More Than Me Foundation
More Than Me Foundation is a company.
Financial History
Leadership Team
Key people at More Than Me Foundation.
More Than Me Foundation is a company.
Key people at More Than Me Foundation.
Key people at More Than Me Foundation.
The More Than Me Foundation was a U.S.-based nonprofit organization dedicated to educating vulnerable girls in Liberia's West Point slum, aiming to protect them from exploitation and poverty by providing schooling through the More Than Me Academy and partnerships with 19 government schools.[1][2][5][6] It operated as a 501(c)(3) charity focused on international relief, with tax-deductible donations funding its programs, though it faced significant scandals including staff-perpetrated rapes, inaccurate tax filings, and eventual shutdown due to financial pressures and governance failures.[1][4][6]

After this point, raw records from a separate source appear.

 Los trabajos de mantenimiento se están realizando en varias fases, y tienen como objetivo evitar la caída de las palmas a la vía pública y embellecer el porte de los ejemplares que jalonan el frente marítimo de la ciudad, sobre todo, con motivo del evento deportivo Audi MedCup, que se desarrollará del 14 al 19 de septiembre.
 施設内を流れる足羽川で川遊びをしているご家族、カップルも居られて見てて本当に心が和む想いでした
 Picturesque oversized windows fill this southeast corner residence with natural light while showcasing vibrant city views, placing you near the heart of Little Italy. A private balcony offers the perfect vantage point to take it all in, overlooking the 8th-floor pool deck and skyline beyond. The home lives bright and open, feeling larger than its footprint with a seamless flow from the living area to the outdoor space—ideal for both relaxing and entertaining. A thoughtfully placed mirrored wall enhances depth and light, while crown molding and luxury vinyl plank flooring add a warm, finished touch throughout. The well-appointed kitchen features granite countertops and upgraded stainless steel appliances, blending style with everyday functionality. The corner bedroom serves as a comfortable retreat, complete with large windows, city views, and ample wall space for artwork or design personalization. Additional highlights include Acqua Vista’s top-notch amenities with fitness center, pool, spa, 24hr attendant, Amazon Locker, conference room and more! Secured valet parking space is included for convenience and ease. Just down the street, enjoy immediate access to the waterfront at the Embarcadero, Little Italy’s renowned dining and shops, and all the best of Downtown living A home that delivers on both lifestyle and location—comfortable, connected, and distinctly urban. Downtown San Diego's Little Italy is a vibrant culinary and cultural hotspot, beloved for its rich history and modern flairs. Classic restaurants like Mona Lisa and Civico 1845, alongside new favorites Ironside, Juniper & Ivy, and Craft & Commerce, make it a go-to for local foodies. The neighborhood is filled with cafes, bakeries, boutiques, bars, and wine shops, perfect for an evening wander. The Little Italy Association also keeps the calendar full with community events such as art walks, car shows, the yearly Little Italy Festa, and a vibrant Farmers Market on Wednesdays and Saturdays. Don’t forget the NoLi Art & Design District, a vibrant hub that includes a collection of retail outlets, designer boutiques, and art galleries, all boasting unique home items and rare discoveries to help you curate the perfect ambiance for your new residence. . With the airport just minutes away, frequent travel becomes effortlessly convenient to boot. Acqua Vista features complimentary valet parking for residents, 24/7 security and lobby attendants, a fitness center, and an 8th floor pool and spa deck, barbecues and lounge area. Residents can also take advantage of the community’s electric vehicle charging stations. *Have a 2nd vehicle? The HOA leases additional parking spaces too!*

Financially, the organization reported revenues peaking around $2 million from contributions (95% of total), with assets up to $2.9 million and expenses on salaries (up to 38%) and executive compensation (up to 13%).[1] It ceased operations in 2019 after critical investigations revealed leadership lapses, inability to fundraise, and the need to allocate remaining funds to rape survivors.[6]

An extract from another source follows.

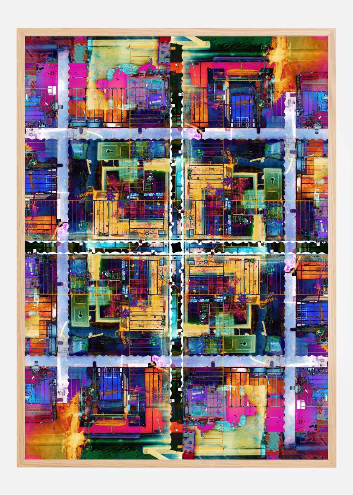 Un poster al neon pieno di modelli astratti. Come uno spettro di colori simile a una macchia di petrolio, questa immagine assomiglia a una sezione trasversale di diverse stanze. Ogni quadrato è riempito di una miriade di colori che rendono questa opera affascinante da guardare per ore - si adatta meglio se posizionata su una parete neutra.
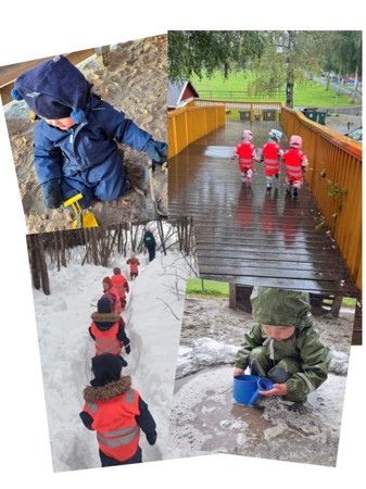 Vi er også veldig glad i å være ute og være på tur. Det er masse spennende å gjøre både inne i barnehagen og på tur og vi er veldig flinke å gå!

Founded around 2008-2009 (per its EIN filing in 2009), More Than Me was started by Katie Meyler, who launched it to get girls off the streets of Liberia's West Point slum and into school following her experiences there.[5][6][7] The idea gained traction through viral online campaigns, culminating in a 2014 win of a $1 million JPMorgan Chase grant via public voting on national TV, which funded the tuition-free More Than Me Academy opened that year.[2][6][7]
Early momentum included rapid expansion to 19 schools in partnership with the Liberian government, but pivotal scandals emerged: in 2014, senior staffer Macintosh Johnson was charged with raping at least 10 girls (potentially up to 30), many linked to the program, with revelations he had AIDS.[4][6] This led to founder Meyler's resignation, board changes, and independent probes by U.S. and Liberian panels, exposing transparency failures and governance issues.[4][5][6]
More Than Me operated outside core tech sectors, instead leveraging digital fundraising trends like viral social media campaigns and online voting competitions to amplify a traditional nonprofit model in international development.[6][7] Its 2014 Chase grant win highlighted early "gamified philanthropy" via internet platforms, influencing how charities used tech for donor engagement amid rising crowdfunding norms.[7]
Timing aligned with post-Ebola recovery in Liberia (2014-2016), where education gaps for girls were acute, but scandals exposed risks in rapid-scaling foreign aid nonprofits reliant on Western funding without robust local oversight.[4][6] Market forces like donor scrutiny post-#MeToo amplified fallout, pressuring transparency; the shutdown underscored how tech-enabled hype can accelerate growth but hasten collapse when trust erodes, impacting the global ed-tech and impact investing ecosystem's wariness of unvetted partners.[4][6]
More Than Me's legacy is one of ambitious impact derailed by profound failures, with operations fully shuttered by mid-2019 and remaining funds earmarked for 11 confirmed rape survivors.[6] No active revival is evident, as GuideStar notes it may have merged or ceased entirely.[5]
Shifting donor priorities toward accountable, locally-led initiatives will shape similar efforts, potentially via ed-tech platforms emphasizing AI-driven monitoring and blockchain transparency. Its influence may evolve as a cautionary tale, prompting stricter vetting in impact philanthropy and highlighting the need for hybrid tech-nonprofit models that prioritize survivor-centered governance over viral growth. This ties back to its core mission: true opportunity for vulnerable girls demands more than promises—it requires unyielding safeguards.